KR940015968A

KR940015968A - Speech duration modeling method of speech recognizer

Info

Publication number: KR940015968A
Application number: KR1019920023405A
Authority: KR
Inventors: 김민성
Original assignee: 이헌조; 주식회사 금성사
Priority date: 1992-12-05
Filing date: 1992-12-05
Publication date: 1994-07-22
Also published as: KR950010020B1

Abstract

본 발명은 화자독립 음성인식기에 관한 것으로, 특히 음성인식 오류를 개선하기 위해 화자간 변화에 무관한 음성지속시간을 모델링하여 그 모델링된 음성지속시간 정보에 의해 음성인식시 인식율을 향상시킬 수 있게한 한 화자독립 음성인식기의 음성지속시간 모델링 방법에 관한 것이다.The present invention relates to a speaker-independent speech recognizer, and in particular, in order to improve speech recognition error, modeling a speech duration independent of change between speakers, and improving the recognition rate in speech recognition by the modeled speech duration information. The present invention relates to a speech duration modeling method of a speaker-independent speech recognizer.

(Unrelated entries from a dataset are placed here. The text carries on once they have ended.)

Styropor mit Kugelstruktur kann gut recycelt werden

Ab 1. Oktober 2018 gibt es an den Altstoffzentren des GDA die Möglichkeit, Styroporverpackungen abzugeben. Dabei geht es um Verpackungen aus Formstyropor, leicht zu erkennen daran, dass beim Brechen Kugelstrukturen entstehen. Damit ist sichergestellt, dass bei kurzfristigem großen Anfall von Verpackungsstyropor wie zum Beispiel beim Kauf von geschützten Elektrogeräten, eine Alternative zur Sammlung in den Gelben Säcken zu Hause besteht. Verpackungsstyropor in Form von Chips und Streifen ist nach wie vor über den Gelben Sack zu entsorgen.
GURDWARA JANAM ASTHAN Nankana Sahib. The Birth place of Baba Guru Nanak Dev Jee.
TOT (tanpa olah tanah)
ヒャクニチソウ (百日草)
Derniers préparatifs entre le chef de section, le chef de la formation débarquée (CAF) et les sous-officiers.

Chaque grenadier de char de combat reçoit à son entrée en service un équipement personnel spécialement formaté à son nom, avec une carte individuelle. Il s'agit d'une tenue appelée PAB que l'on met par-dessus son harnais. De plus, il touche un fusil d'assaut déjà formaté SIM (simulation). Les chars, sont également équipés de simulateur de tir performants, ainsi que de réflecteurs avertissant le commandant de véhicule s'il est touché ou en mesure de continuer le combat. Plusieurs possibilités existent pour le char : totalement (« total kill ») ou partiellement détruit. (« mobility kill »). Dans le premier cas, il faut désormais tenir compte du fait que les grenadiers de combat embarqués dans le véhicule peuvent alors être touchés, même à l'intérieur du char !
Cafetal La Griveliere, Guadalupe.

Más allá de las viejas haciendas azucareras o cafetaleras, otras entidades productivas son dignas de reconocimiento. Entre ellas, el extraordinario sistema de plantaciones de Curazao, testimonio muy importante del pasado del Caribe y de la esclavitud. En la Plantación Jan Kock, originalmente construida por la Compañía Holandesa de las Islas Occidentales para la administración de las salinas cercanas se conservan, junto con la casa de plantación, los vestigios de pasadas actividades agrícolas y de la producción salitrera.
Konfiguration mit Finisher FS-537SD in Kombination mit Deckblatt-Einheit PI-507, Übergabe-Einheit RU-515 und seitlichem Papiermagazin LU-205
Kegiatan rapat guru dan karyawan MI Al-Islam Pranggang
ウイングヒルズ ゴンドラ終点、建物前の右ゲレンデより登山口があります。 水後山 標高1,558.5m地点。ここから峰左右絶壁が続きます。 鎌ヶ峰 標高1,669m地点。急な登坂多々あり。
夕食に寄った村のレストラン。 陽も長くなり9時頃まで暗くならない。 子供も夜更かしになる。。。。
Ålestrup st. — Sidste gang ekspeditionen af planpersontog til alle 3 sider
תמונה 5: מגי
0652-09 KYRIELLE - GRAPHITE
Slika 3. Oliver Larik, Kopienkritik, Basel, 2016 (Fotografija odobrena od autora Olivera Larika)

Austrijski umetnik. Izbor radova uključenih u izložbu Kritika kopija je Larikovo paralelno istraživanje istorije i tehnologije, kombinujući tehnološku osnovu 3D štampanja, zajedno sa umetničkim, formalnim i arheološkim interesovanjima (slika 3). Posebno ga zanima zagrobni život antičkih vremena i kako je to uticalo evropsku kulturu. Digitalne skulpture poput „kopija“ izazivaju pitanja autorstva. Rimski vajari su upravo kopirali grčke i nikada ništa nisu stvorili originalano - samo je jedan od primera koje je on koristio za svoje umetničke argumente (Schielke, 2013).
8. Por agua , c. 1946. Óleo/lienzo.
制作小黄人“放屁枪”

본 발명은, 연속한 n개의 상태에서 음성지속시간을 확률적으로 모델링하는데, 먼저, 두 상태열을 결합할 것인가를 판단하여 음성지속시간을 모델링 할 수 있는 상태들을 찾는 과정을 수행하고, 이와같은 과정으로 선택한 상태들에서 확률분포로부터 입력음성의 상태열이 주어졌을때 지속시간 확률을 구하는 과정을 수행하도록 되어 있다.According to the present invention, probabilistic modeling of voice durations in n consecutive states is performed. First, a process of finding states capable of modeling voice durations by determining whether to combine two state sequences is performed. In the states selected as the process, the process of calculating the duration probability when the state of the input voice is given from the probability distribution is performed.

Description

Speech duration modeling method of speech recognizer

본 내용은 요부공개 건이므로 전문내용을 수록하지 않았음Since this is an open matter, no full text was included.

제1도는 일반적인 에이취 엠엠(HMM)을 이용한 음성인식 시스템의 구조를 보인 확률분포의 상태 블록도, 제2도는 화자에 따라 발음된 음성의 상태에서 지속되는 시간과 대응되는 상태를 보인 설명도, 제3도는 본 발명에 의한 음성인식기의 음성지속시간 모델링 방법을 보인 제어 흐름도.1 is a state block diagram of a probability distribution showing a structure of a speech recognition system using a general HMM, and FIG. 2 is an explanatory diagram showing a state corresponding to a time duration in a state of a pronounced voice according to a speaker. 3 is a control flowchart showing a voice duration modeling method of a voice recognizer according to the present invention.

Claims

When the voice is input, extracting the feature vector (O = O ₁ 0 ₂ ... O) (STEP1), extracting the feature vector (O) and distribution of each model Probability for Feature Vector from And the probability Obtaining a state sequence i ^r corresponding to (STEP2), and then obtaining a probability (P _d ) of a duration between the states from the sequence (i ^r ) (STEP3), and Probability (P _d ) and probability for feature vector (O) Obtaining the total probability value P _r of the model r with respect to the input (STEP4), and if the total probability value P _r is greater than the maximum value P _max (P _max <P _r ), the maximum value ( P _max ) is replaced by the overall probability value P _r (P _max ← P _r ), and the model R is replaced with a model r (R → r) (STEP5), and the step (STEP5) After performing or in the case where the total probability value Pr is smaller than the maximum value P _max (P _max > P _r ), the model r is calculated until the model r becomes the mutual information value M. Return to step (STEP2) of increasing (r ← r + 1) to obtain the probability and state sequence for the feature vector (STEP6), and when the process is completed for all models, the model (R) And a step of outputting the recognized word (STEP7).

※ Note: The disclosure is based on the initial application.